実施の形態2では、補間ゲインとしてノック検出区間OPNで設定される開ゲインと同じ1が設定されており、
図5(2)の(a)ではノイズが閉区間CLSで重畳しており、
図5(1)の(b)ではノイズが補間区間INTで重畳しており、
図5(2)の(c)では開区間OPNに重畳している。
図6(2)においては時間T11でノイズが補間区間INTに重畳し、その後、時点T21でノイズがノック検出区間OPNに重畳する。ノイズが補間区間INTに重畳する時点T11においてノック信号VPはノイズによる振動レベルに急増し、ノック信号VPをなまし処理することで算出されるノック判定閾値VTHは一定の遅れをもって算出される。このため、T11以降で、ノックが発生していないにも関わらずノック信号VPがノック判定閾値VTHを上回ってしまうが、ノイズの重畳位置が補間区間INTである場合にはノック信号VPがノック判定閾値VTHを上回ってもノック回避手段20によりノック補正量RTDが算出されることはないので、ノックを誤検出することがない。
【0032】
実施の形態3.
図5(3)及び
図6(3)は本発明の実施の形態3によるノック制御装置の動作を示している。
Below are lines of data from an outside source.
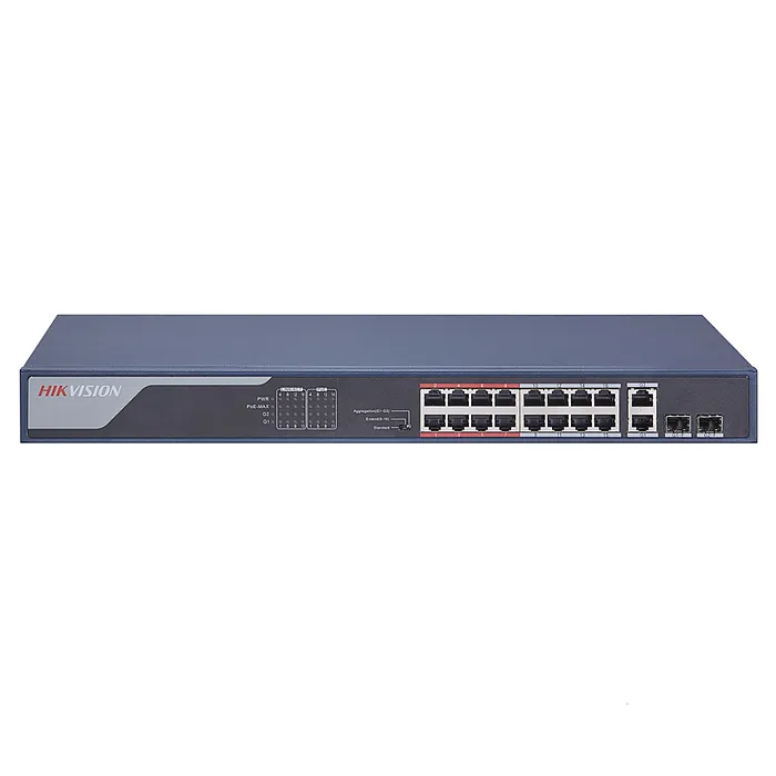 El Switch POE 16 Puertos 10/100 Mbps + 2 Puertos Gigabit + 2 Puertos SFP DS-3E0318P-E de Hikvision es una solución avanzada para la conectividad de redes, diseñada específicamente para satisfacer las necesidades de instalación en entornos empresariales y de seguridad. Este dispositivo combina la funcionalidad de un switch Ethernet con la capacidad de proporcionar alimentación a través de Ethernet (PoE), lo que lo convierte en una opción ideal para la expansión de redes que requieren alimentación para dispositivos como cámaras de vigilancia, puntos de acceso y teléfonos VoIP.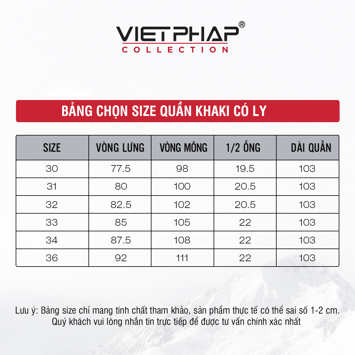 - Bảng size chart chỉ mang tính chất tham khảo, tùy thuộc vào số đo cơ thể mỗi người và chất liệu vải khác nhau sẽ có sự chênh lệch nhất định từ 1 - 2cm.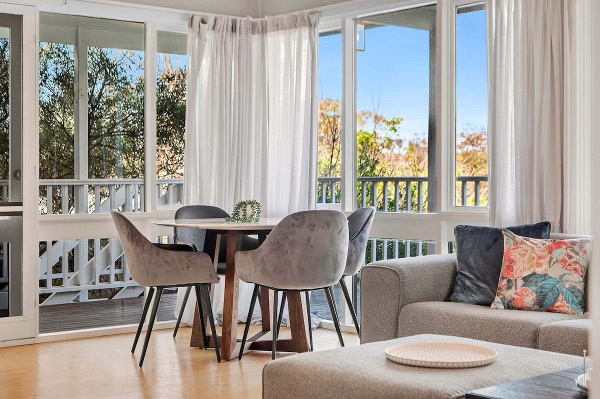 Perfect for couples! Enjoy a romantic getaway in the comfort of this gorgeous indoor-outdoor living space with uninterrupted views & sliding doors open to enjoy the sea breeze. The private deck is perfect for that quiet morning coffee. Unwind while taking in the stunning 'Sunset Views'. We offer Netflix & wifi. Linen & bath towels. 5 minute drive to Peninsula hot springs, Alba. beach's & shops! Access to the cottage is via stairs, we provide one park. Sea Store cafe 5 minutes walk away.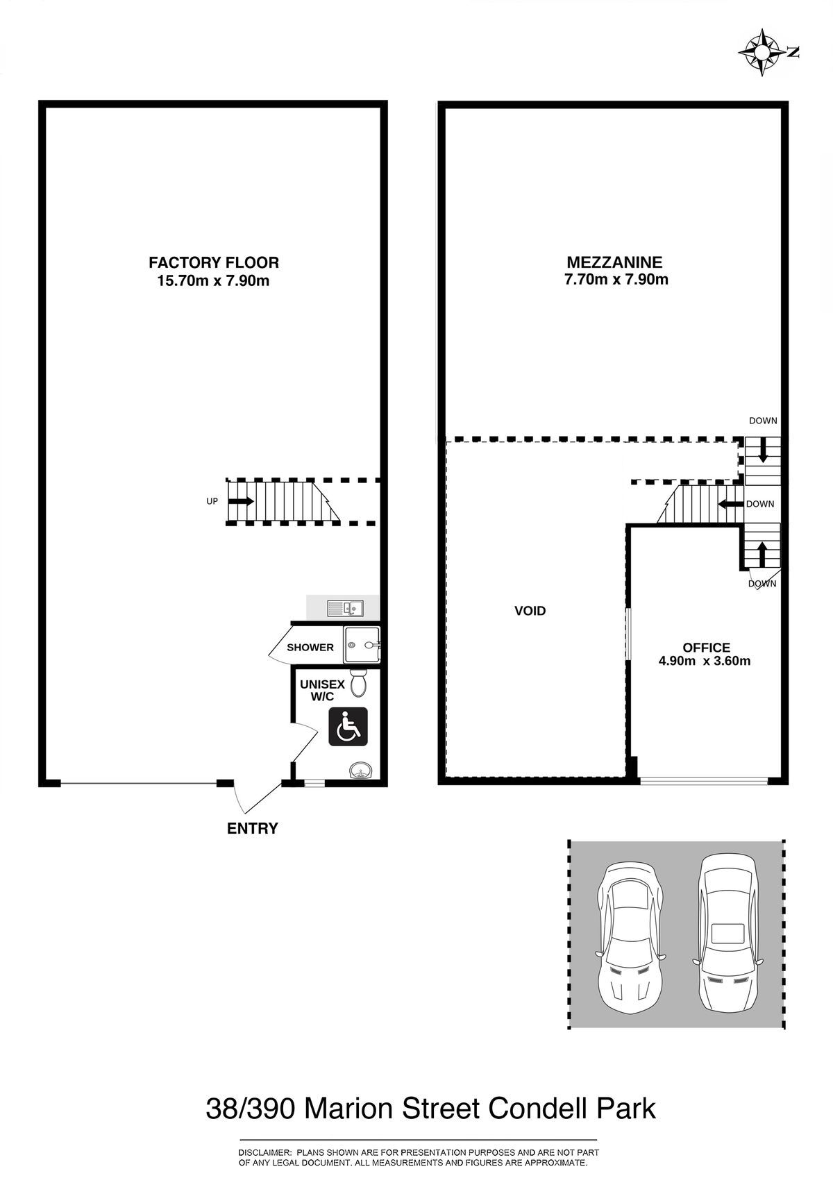-Two (2) car spaces on title

実施の形態3では、補間ゲインとしてノック検出区間に出入りするノイズによる振動レベルが、少なくともノック検出区間におけるノック以外の燃焼による振動レベルと略等しくなるように設定されており、
図5(3)の(a)ではノイズが閉区間CLSで重畳しており、
図5(3)の(b)ではノイズが補間区間iNTで重畳しており、
図5(3)の(c)では開区間OPNに重畳している。
また、補間ゲインをノイズによる振動レベルがノック検出区間OPNにおける振動レベルと同等となるように設定することで、補間区間iNTを上述した実施の形態2に比べて狭く設定することができるため、
図5(3)に示すようなエンジンや運転状態に特有で発生位置が略一定である固定ノイズを除去することができる。
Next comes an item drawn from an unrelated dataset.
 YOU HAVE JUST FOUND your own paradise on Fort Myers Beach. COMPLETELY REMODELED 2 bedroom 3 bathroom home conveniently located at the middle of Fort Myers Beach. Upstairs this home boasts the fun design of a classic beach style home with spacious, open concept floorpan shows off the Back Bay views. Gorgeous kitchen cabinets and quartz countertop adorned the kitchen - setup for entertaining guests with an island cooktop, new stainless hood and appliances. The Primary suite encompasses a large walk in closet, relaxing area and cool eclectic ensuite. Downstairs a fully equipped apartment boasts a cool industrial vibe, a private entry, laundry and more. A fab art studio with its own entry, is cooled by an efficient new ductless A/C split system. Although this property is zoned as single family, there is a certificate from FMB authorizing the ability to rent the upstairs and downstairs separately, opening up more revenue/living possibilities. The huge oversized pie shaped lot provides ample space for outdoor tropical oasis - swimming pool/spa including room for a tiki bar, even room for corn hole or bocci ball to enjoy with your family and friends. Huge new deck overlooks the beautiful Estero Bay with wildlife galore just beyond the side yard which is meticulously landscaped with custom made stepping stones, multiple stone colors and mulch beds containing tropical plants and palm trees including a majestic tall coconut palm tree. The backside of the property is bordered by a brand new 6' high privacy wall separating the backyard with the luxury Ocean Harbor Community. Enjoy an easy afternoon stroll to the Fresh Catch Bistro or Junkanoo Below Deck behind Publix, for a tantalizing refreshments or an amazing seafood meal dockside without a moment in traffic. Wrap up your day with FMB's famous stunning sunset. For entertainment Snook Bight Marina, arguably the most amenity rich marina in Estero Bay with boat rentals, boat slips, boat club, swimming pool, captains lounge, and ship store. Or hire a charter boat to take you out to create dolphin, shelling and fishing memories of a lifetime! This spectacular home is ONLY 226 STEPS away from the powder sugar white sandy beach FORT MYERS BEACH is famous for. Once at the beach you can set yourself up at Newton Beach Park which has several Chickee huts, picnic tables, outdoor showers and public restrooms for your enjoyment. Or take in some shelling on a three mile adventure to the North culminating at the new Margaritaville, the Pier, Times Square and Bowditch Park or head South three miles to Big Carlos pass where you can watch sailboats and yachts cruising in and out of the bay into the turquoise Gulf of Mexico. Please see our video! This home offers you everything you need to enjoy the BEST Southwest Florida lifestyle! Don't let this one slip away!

図6(3)においては時間T13でノイズが補間区間iNTに重畳し、その後、時間T23でノイズがノック検出区間OPNに重畳するが、上述したように本実施の形態3によるノックウィンドウでは1と所定の補間ゲイン(例えば0.5)の線形補間値が補間区間に設定されるため、ノイズがノック検出区間OPNに近づくにつれてノック信号が徐々に大きくなるため、ノック信号VP
の急増によるノック判定閾値VTHの算出遅れを抑制することができ、ノック誤検出を抑制することができる。さらに、例えばノックによる振動レベルVKNKが図示しているレベルである場合には、時間T4までノック検出を行うことができる。
【0033】
以上のように本発明のノック制御装置によれば、ノックウィンドウ設定手段17は、予めノックにより振動が発生する区間をノック検出区間(開区間OPN)として設定し、ノック検出区間ではデジタル信号処理手段16による処理結果に対して開ゲインを乗算し、ノック検出区間以外の区間(閉区間CLS)ではデジタル信号処理手段16による処理結果に対して閉ゲインを乗算し、さらに、開区間OPNと閉区間CLSとの間に所定の補間区間INTを設け、補間区間INTではデジタル信号処理手段16による処理結果に対して開ゲインと所定の補間ゲインとの線形補間値を乗算するもので、各種ノイズがノック検出区間に出入りする際のノック信号レベルの急変を生じることないためノック判定閾値の追従遅れによるノック誤検出を抑制することができ、さらに、ノック検出区間を不要に拡げることがないためノック検出区間以外でのノック誤検出を回避することができるという優れた効果を得ることができ、結果としてノック制御性を向上することができる。
【0034】
なお、上述した各実施の形態においては、ノック検出区間の後側の補正区間について説明したが、ノック検出区間の前側についても同様に構成することで、同様の効果を得ることができる。
また、ノック検出区間の前後で重畳するノイズが異なるような状態においては、ノック検出区間の前後で補間区間の設定を個別に設定することで、より一層精度良くノイズによるノック誤検出を抑制することができる。
【0035】
また、燃焼過程に重畳するノイズは運転状態によっても変わるため、補間区間及び補間ゲインをエンジン回転速度、エンジン負荷のうち少なくとも一つに基づいて設定することで、より一層精度良くノイズによるノック誤検出を抑制することができる。